Так ли уж, в самом деле, я одинок?
* * *
Новый день и как будто бы последний. Действительность напоминает. Утром, после поверки, около камеры моей зашаркали шаги, загремели ключи. Но, так как было утро и даже в проклятый острог день заглянул бодрящим и свежим светом, я не почувствовал никакой тревоги. Дверь отворилась, вошел холодный, небритый старик, - начальник тюрьмы. Из-под седых, клочкастых бровей поглядел на меня, как я почувствовал, испытующе и недоброжелательно. Формально спросил: нет ли заявлений. Я попросил книг. Старик сунул пальцем на старшего - дать! И все ушли.

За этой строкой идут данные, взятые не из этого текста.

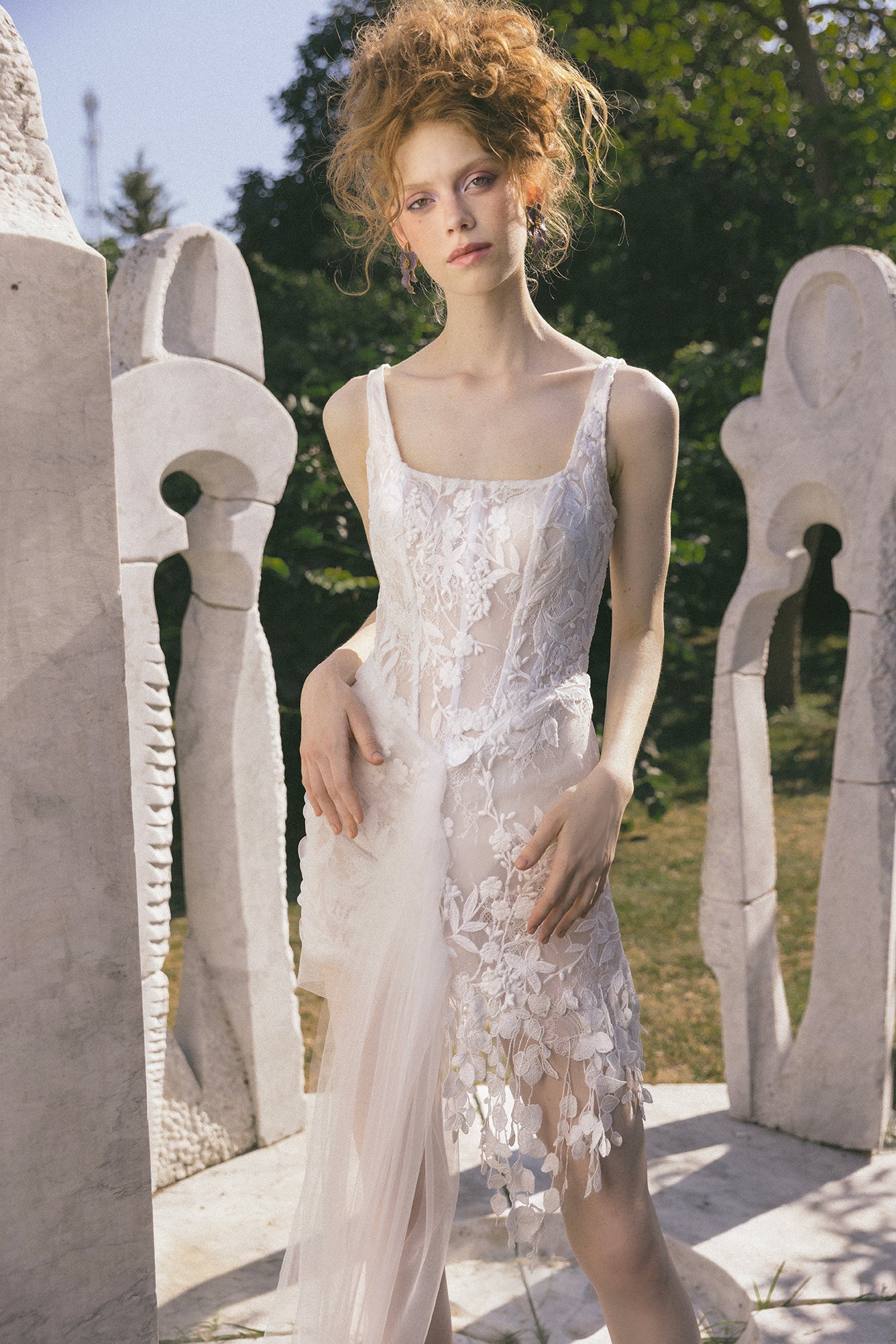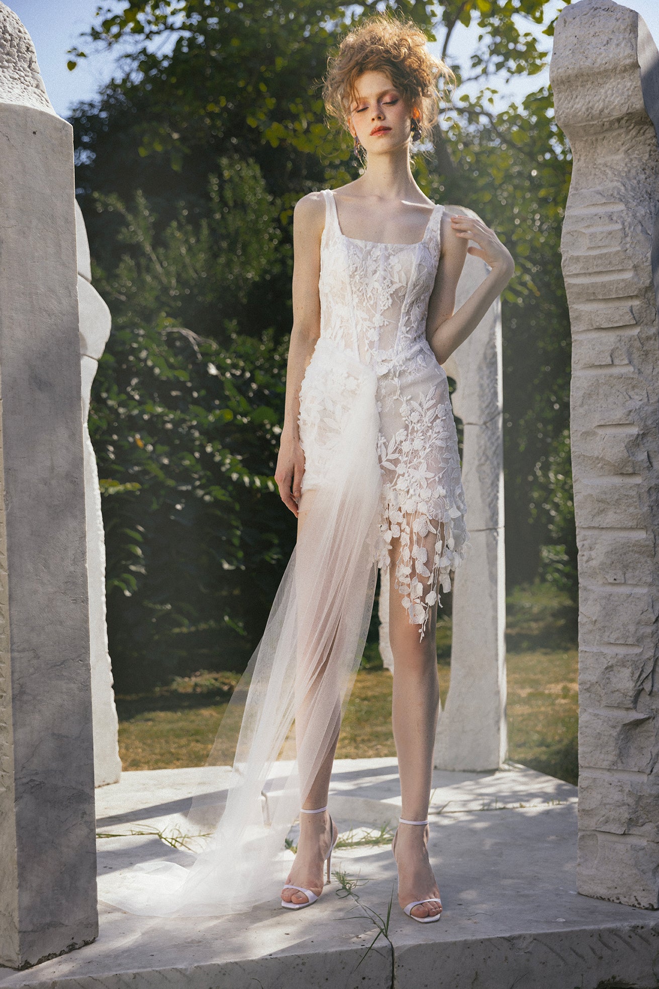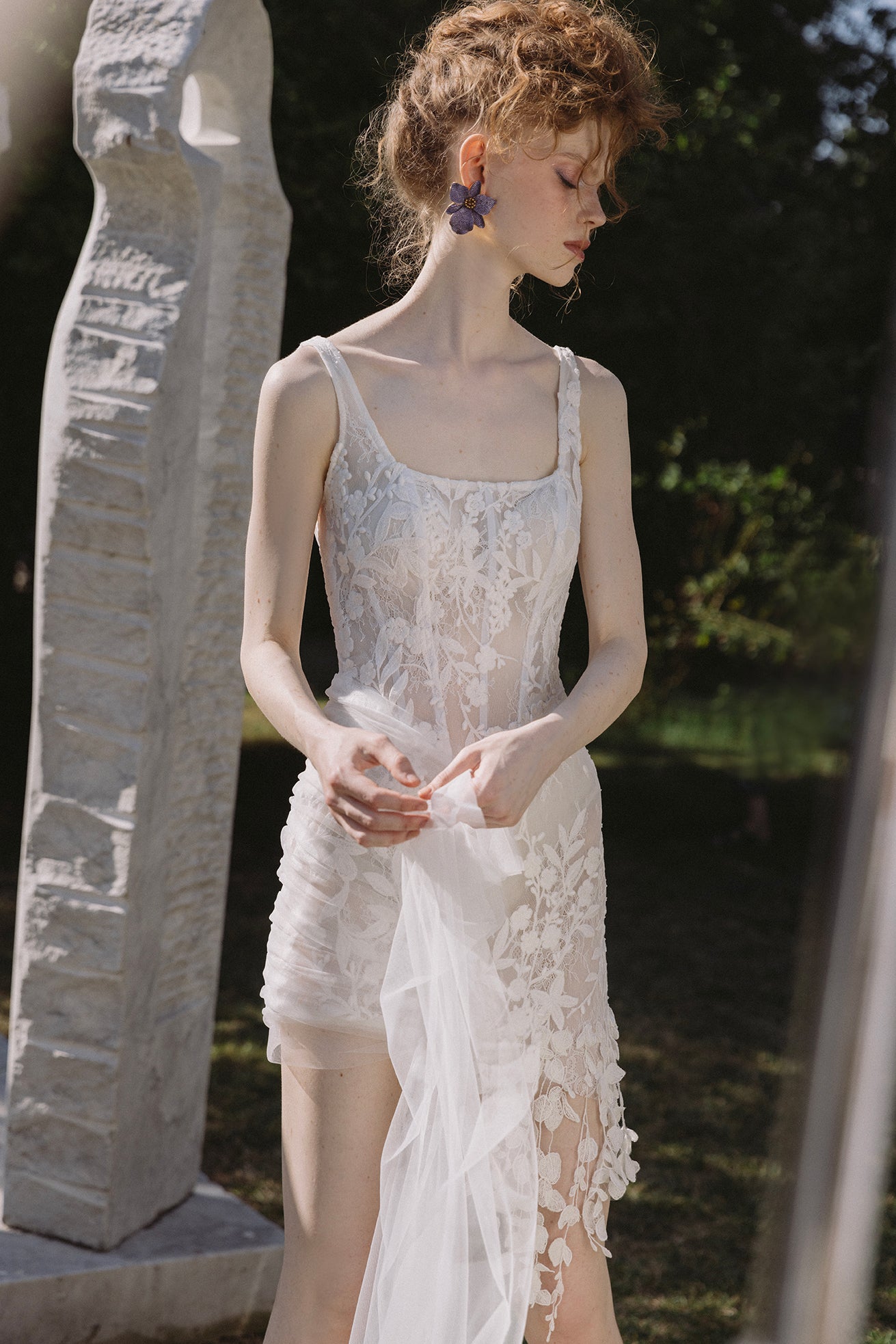A square-neck, corseted mini dress featuring floral embroidery over lace, with 3D floral appliqués along the hem and a draped silk tulle detail at the front.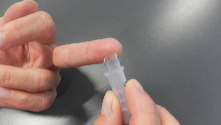 Prik hul i fingeren, som når du måler blodglukose. Led blodet (8-10 store dråber) ned i prøveglasset.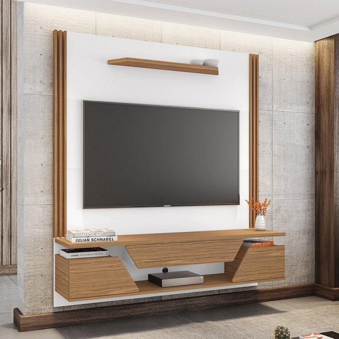 Rack Suspenso Para TV até 60 Polegadas 160cm 2 Portas 1 Gaveta Valley Casa D Branco/Noce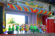 Сегодня никто не остался в стороне от праздника. На праздновании Дня защиты детей наши воспитанницы подарили зрителям прекрасный вокально-хореографический номер "Одуванчик" ("Одуванчик, одуванчи, ты один такой- обманщик; то ты желтый и лучистый, то кудрявый и пушистый...")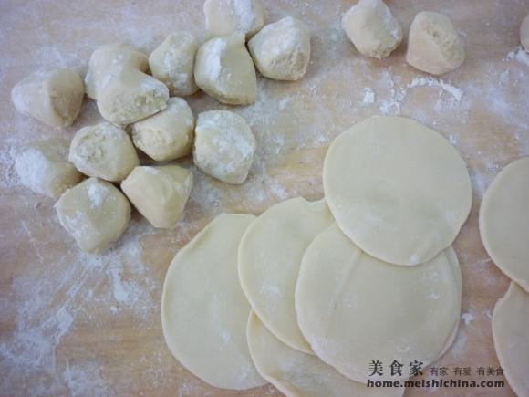 面粉用开水冲烫揉成面团【做蒸饺的面团一般都用开水和面,这样面团筋度减小,可塑性强,利于造型】。下剂子,擀成圆皮。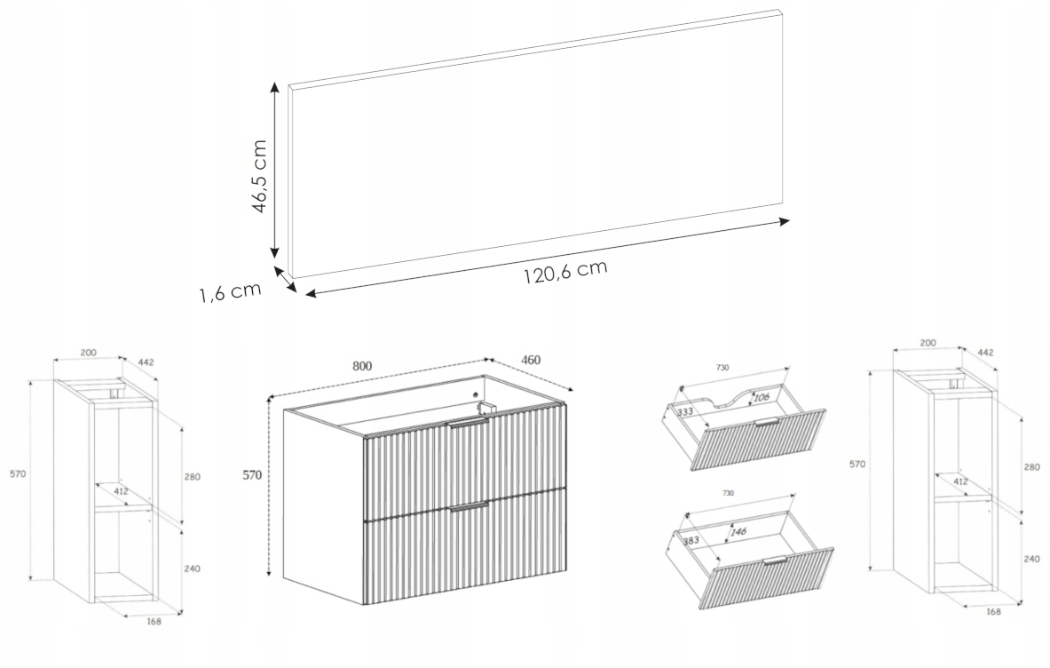 Ten elegancki zestaw łazienkowy z kolekcji FLOW w odcieniu kaszmiru idealnie wkomponuje się w nowoczesne wnętrza. Zawiera wiszącą szafkę pod umywalkę o szerokości 80 cm, wyposażoną w ryflowane fronty i dwie pojemne szuflady z cichym domykiem SOFT CLOSE dla komfortowego użytkowania. Blat o szerokości 120 cm w kaszmirowym wykończeniu dodaje elegancji i spójności całemu zestawowi.
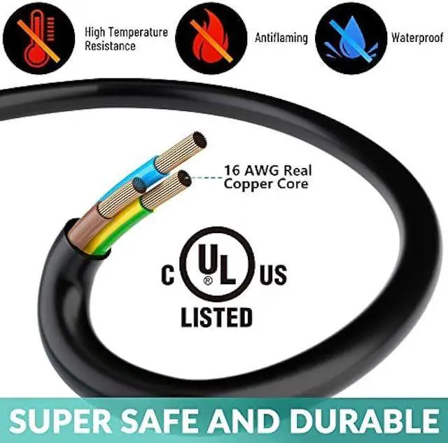 Heavy Duty Power Extension CableElecan SJTW AC power cable is UL Listed, approved 13A / 125V / 1625W, Main cable and the splitter cables are all SJTW 16 AWG(3× 1.31 mm2), with a standard NEMA 5-15P grounded power plug connected into NEMA 5-15R x 2 Heavy duty receptacles, super thick and durable; 13A rating easily supports your power needs.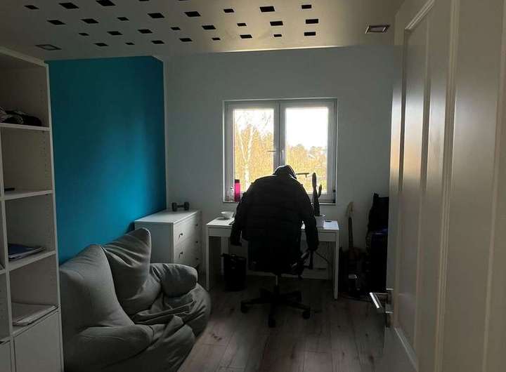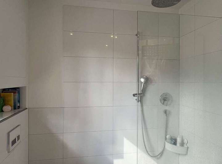 Die Kinderzimmer im Dachgeschoss sind mit Vinylböden in grauer Holzoptik ausgelegt, was zu den modernen weißen Einbauschränken in den Jugendzimmern hervorragend passt. Das Duschbad im Dachgeschoss ist weiß gefliest mit blau/grau gemusterten Bodenfliesen.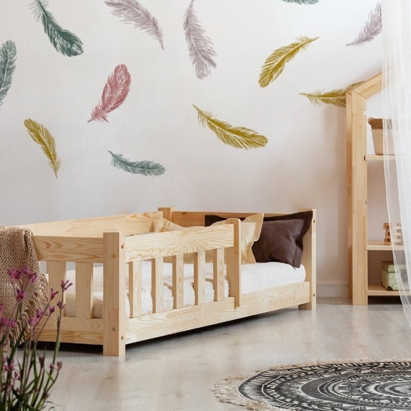 Drewniane łóżko dla dzieci z barierką, w stylu skandynawskim.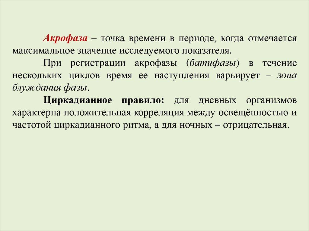 Акрофаза – точка времени в периоде, когда отмечаетсямаксимальное значение исследуемого показателя.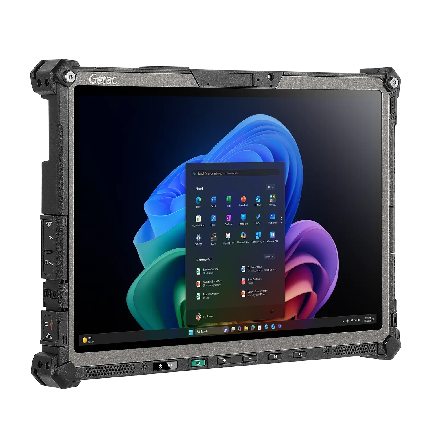 Ключевым преимуществом модели является баланс между размером экрана и габаритами корпуса: 12.2-дюймовый дисплей LumiBond® с яркостью 1200 нит обрамлен узкой рамкой, что делает устройство более компактным и легким по сравнению с аналогами. Технология Smart Touch позволяет сенсорному экрану автоматически адаптироваться к вводу пальцем, в перчатках или стилусом без ручного переключения режимов.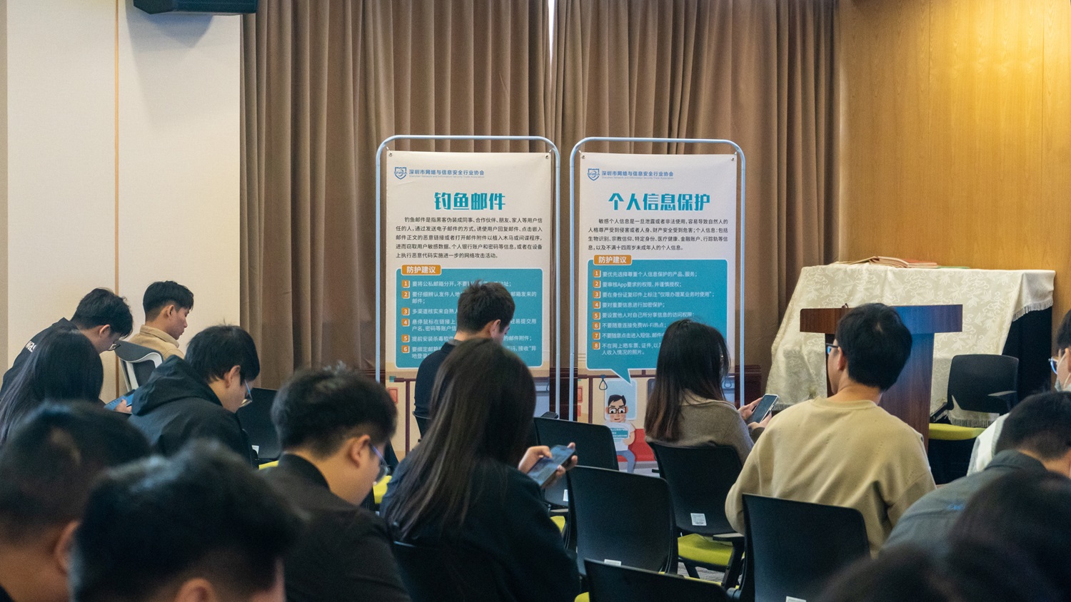 除領(lǐng)取安全知識(shí)手冊(cè)及觀看了網(wǎng)絡(luò)安全知識(shí)展外,與會(huì)代表還認(rèn)真聽取了由協(xié)會(huì)特邀講師:北京天融信科技集團(tuán)高級(jí)安全顧問張鵬昆,深圳市科盾科技總經(jīng)理劉佳,分享的《新應(yīng)用新技術(shù)帶來的網(wǎng)絡(luò)安全新挑戰(zhàn)》和《基層單位輿情應(yīng)對(duì)技巧》。兩位講師從當(dāng)前網(wǎng)絡(luò)安全形勢(shì)、常見的網(wǎng)絡(luò)安全威脅與案例、日常工作生活中的安全意識(shí)、網(wǎng)絡(luò)安全法律法規(guī)以及基層單位網(wǎng)絡(luò)輿情應(yīng)對(duì)等方面,為大家做了詳細(xì)介紹。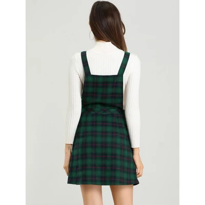 Add a versatile layer to your new-season wardrobe with this suspender dress. It features a simple and classic design with above-knee length and an A-line silhouette. The front button and button decor underscore the casual cool of these plaid-printed overalls. It is great for being paired with a solid color top and bag for an everyday look!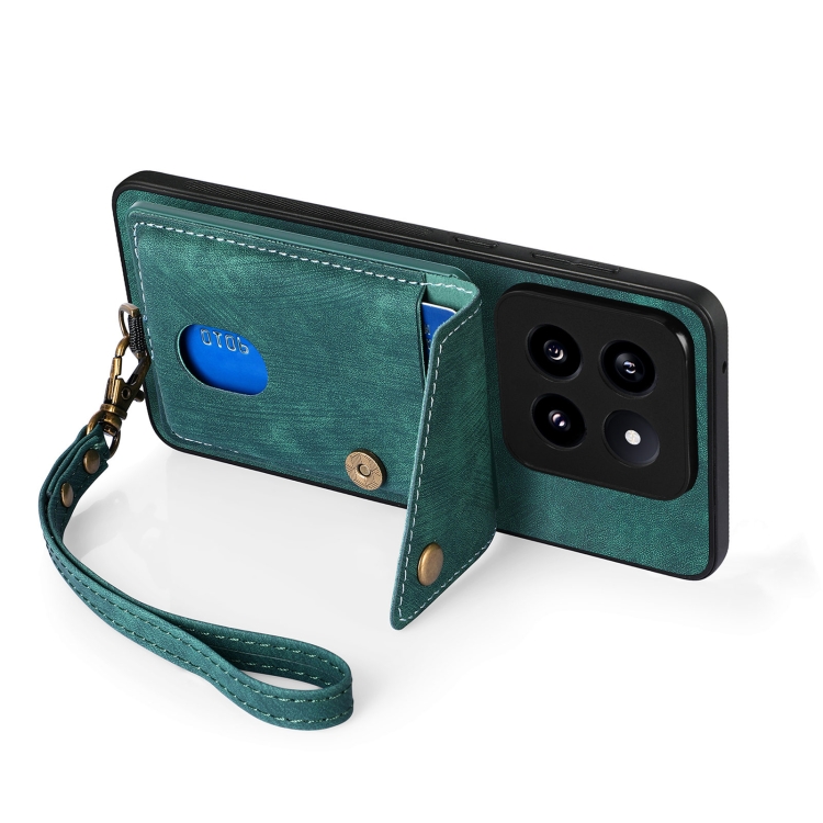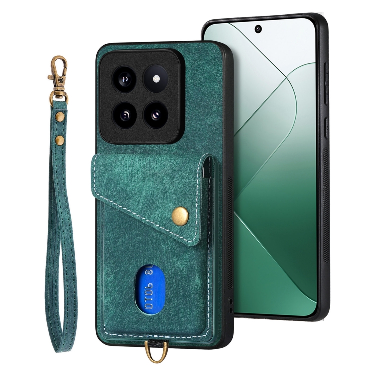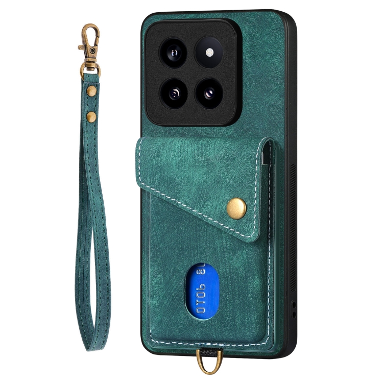 Para Xiaomi 14 Pro Retro Card Wallet Fold Funda De Cuero Para Teléfono Con Correa (Verde)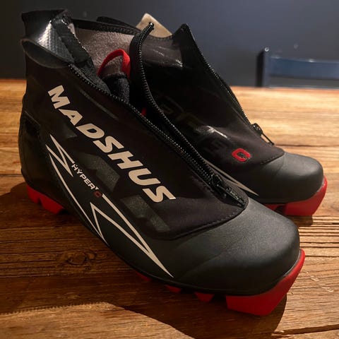 Madshus CT 100 JR langrennsstøvler i størrelse 31. Modellen er en juniorsko for klassisk langrenn. Skoene har snøring med glidelåslukking over vristen for å beskytte mot snø og fukt. Overdelen er i syntetisk materiale med forsterket tåparti. Sålen er beregnet for bruk med klassiske langrennsbindinger (NNN-system). Farge hovedsakelig svart med grå og røde detaljer.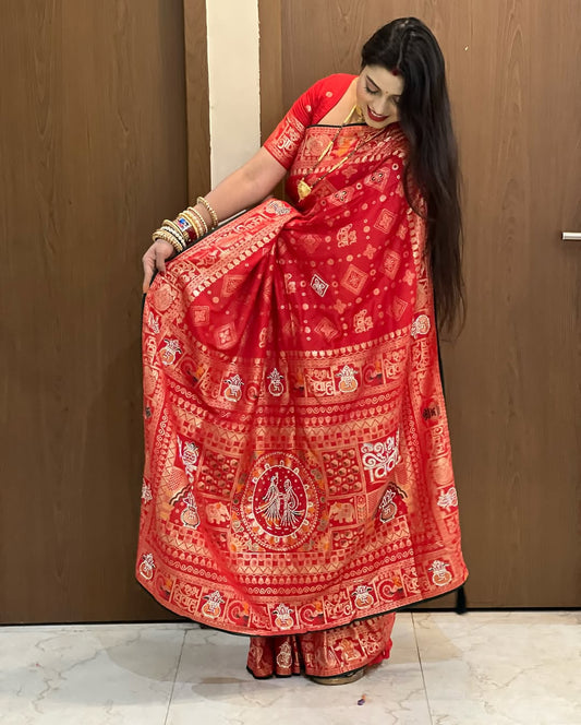 Rich Border Work Banarasi Meena Dola Silk Saree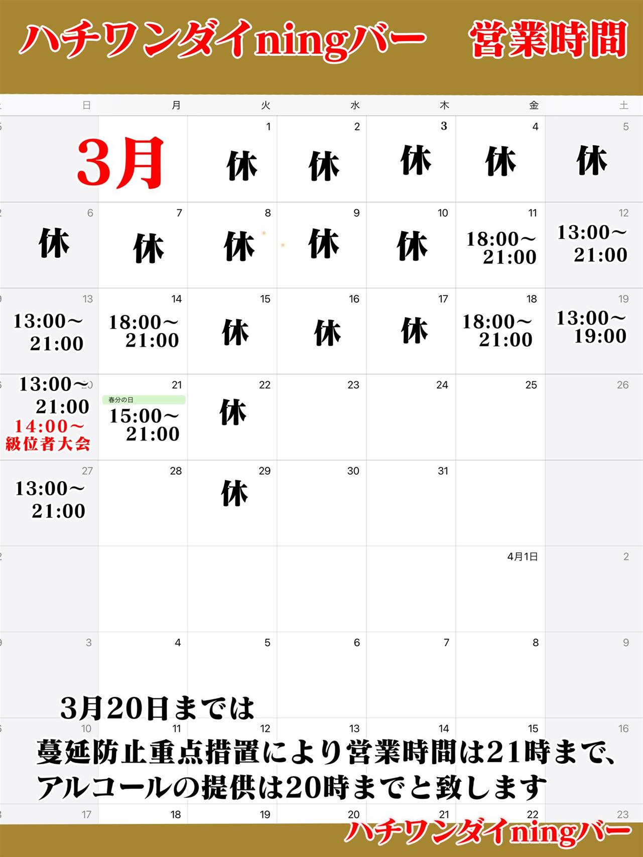 それに伴い3月23日から通常営業に戻ります。

И вот, недавно, когда потухал короткий вечер и огненным плакатом отпечатало солнце на стенке окно с решоткой, лязгнул замок и служащий арестант, вместе с ужином, протянул мне книгу.
Я помню его любопытные, чорт возьми, как у всех, глаза. Надзиратель быстро захлопнул дверь, и я не успел ничего спросить.
Однако, начальник тюрьмы - любезен. Прислал приложение к "Ниве" за 1890 год. Немного запоздало, для нашего, 1919 г. Машинально я раскрыл книгу и сразу впился глазами. На внутренней стороне обложки, торопливо и неразборчиво была свежая, как мне показалось, карандашная надпись: "Товарищ из барака N 7, (это - номер моего барака), шлем извещение, что прошлой ночью взяты и казнены десять наших товарищей. Будь прокляты убийцы. Есть сведения, что этой ночью...". Надпись оборвалась.
Я перелистал всю книгу, пересмотрел все строки, отыскивая продолжение и не нашел. Что-то, видимо, помешало моим неизвестным друзьям. А, может быть, провокация? Я с презрением посмотрел на дверь. Не испугают. Но... кому это было бы нужно?
Разве в моем положении недостаточно ясности, чтобы понадобилось прибегать к каким-то намекам?
Нет, писал не враг.
Надо приготовиться. Я принимался ходить по камере и, замечая, что непроизвольно ускоряю шаг, - садился. И думал тогда о замерзшей речке, о лучезарных, голубых и бесконечно-дорогих глазах... Мне становилось грустно и отрадно. Спокойная и мудрая смягченность осеняла душу. И незаметно подкралась ночь и все укутала глубоким, нехорошим мраком.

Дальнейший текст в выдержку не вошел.